6.1.5.4.2. Attributes

filename

filename of the trajectory

n_atoms

number of atoms (coordinate sets) in a frame (constant)

n_frames

total number of frames (if known) – None if not known

ts

the Timestep object; typically customized for each trajectory format and derived from base.Timestep.

units

dictionary with keys time, length, speed, force and the appropriate unit (e.g. ‘AKMA’ and ‘Angstrom’ for Charmm dcds, ‘ps’ and ‘nm’ for Gromacs trajectories, None and ‘Angstrom’ for PDB).
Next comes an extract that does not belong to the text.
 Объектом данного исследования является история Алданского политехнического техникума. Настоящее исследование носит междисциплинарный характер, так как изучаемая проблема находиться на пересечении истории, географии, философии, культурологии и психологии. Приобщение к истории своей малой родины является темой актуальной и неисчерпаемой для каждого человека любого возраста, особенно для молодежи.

Any field not used should be set to None.

format

string that identifies the file format, e.g. “DCD”, “PDB”, “CRD”, “XTC”, “TRR”; this is typically the file extension in upper case.

dt

time between frames in ps; a managed attribute (read only) that computes on the fly skip_timestep * delta and converts to the MDAnalysis base unit for time (pico seconds by default)

totaltime

total length of the trajectory = n_frames * dt

time

time of the current time step, in MDAnalysis time units (ps)

frame

frame number of the current time step (0-based)

aux_list

list of the names of any added auxiliary data.

_auxs

dictionary of the AuxReader instances for any added auxiliary data.

Optional attributes

delta

integrator time step (in native units); hence the “length” of a trajctory frame is skip_timestep*delta time units

compressed

string that identifies the compression (e.g. “gz” or “bz2”) or None.

fixed

bool, saying if there are fixed atoms (e.g. dcds)

periodic

boolean saying if contains box information for periodic boundary conditions unit cell information is stored in attribute dimensions

skip_timestep

number of integrator steps between frames + 1 (i.e. the stride at which the MD simulation was sampled)
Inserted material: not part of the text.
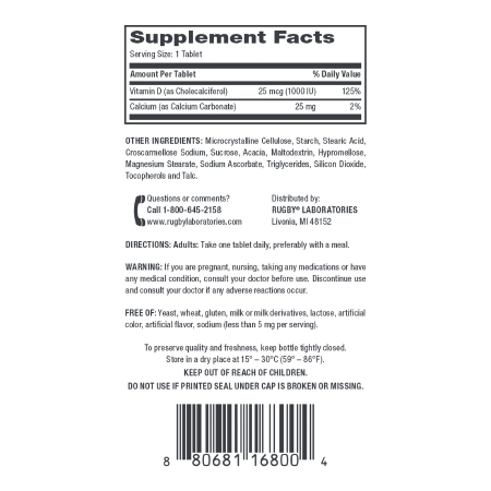 Vitamin Supplement Vitamin D3 25 mcg Strength Tablet 90 per Bottle

6.1.5.5. Trajectory Writer class

Trajectory writers are derived from MDAnalysis.coordinates.base.WriterBase. They are used to write multiple frames to a trajectory file. Every time the write() method is called, another frame is appended to the trajectory.

Typically, many methods and attributes are overriden.

Signature:

W = TrajectoryWriter(filename,n_atoms,**kwargs)
W.write_next_timestep(Timestep)

or:

W.write(AtomGroup)   # write a selection
W.write(Universe)    # write a whole universe
W.write(Timestep)    # same as write_next_timestep()

6.1.5.5.1. Methods

__init__(filename,n_atoms[,start[,step[,delta[,remarks]]]])
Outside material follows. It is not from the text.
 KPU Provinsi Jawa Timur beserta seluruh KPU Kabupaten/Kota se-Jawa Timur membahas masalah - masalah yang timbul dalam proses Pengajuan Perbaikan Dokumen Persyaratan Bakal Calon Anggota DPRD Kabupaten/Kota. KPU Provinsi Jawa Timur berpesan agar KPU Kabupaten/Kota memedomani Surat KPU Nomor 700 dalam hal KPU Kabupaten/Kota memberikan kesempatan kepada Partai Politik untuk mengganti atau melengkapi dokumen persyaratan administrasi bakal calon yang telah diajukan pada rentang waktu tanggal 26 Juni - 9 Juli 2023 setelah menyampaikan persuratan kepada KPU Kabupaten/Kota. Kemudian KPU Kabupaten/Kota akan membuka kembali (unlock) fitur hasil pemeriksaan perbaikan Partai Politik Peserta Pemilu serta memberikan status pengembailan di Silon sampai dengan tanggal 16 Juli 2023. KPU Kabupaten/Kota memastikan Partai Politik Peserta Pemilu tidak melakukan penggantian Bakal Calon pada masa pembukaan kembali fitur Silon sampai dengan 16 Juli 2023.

opens filename and writes header if required by format

write(obj)

write Timestep data in obj

write_next_timestep([timestep])

write data in timestep to trajectory file

convert_dimensions_to_unitcell(timestep)

take the dimensions from the timestep and convert to the native unitcell representation of the format

close()

close file and finish I/O

__del__()

ensures that close() is called

6.1.5.5.2. Attributes

filename

name of the trajectory file

start, stop, step

first and last frame number (0-based) and step

units

dictionary with keys time, length, speed, force and the appropriate unit (e.g. ‘AKMA’ and ‘Angstrom’ for Charmm dcds, ‘ps’ and ‘nm’ for Gromacs trajectories, None and ‘Angstrom’ for PDB). Any field not used should be set to None.

format

string that identifies the file format, e.g. “DCD”, “PDB”, “CRD”, “XTC”, “TRR”

Optional

ts

Timestep instance

6.1.5.6. Single Frame Writer class

A single frame writer is a special case of a trajectory writer in that it writes only a single coordinate frame to a file, for instance, a pdb or gro file. Unlike trajectory formats, which only contains coordinates, single frame formats contain much more information (e.g. atom and residue names and numbers) and hence it is possible to write selections of atoms in a meaningful way.

Signature:

W = FrameWriter(filename, **kwargs)
W.write(AtomGroup)
W.write(Universe)

The blanket kwargs is required so that one can pass the same kind of arguments (filename and n_atoms) as for the Trajectory writers. In this way, the simple writer() factory function can be used for all writers.

6.1.5.6.1. Methods

__init__(filename, **kwargs)

opens filename for writing; kwargs are typically ignored

write(obj)

writes the object obj, containing a AtomGroup group of atoms (typically obtained from a selection) or Universe to the file and closes the file

Note

Trajectory and Frame writers can be used in almost exactly the same manner with the one difference that Frame writers cannot deal with raw Timestep objects.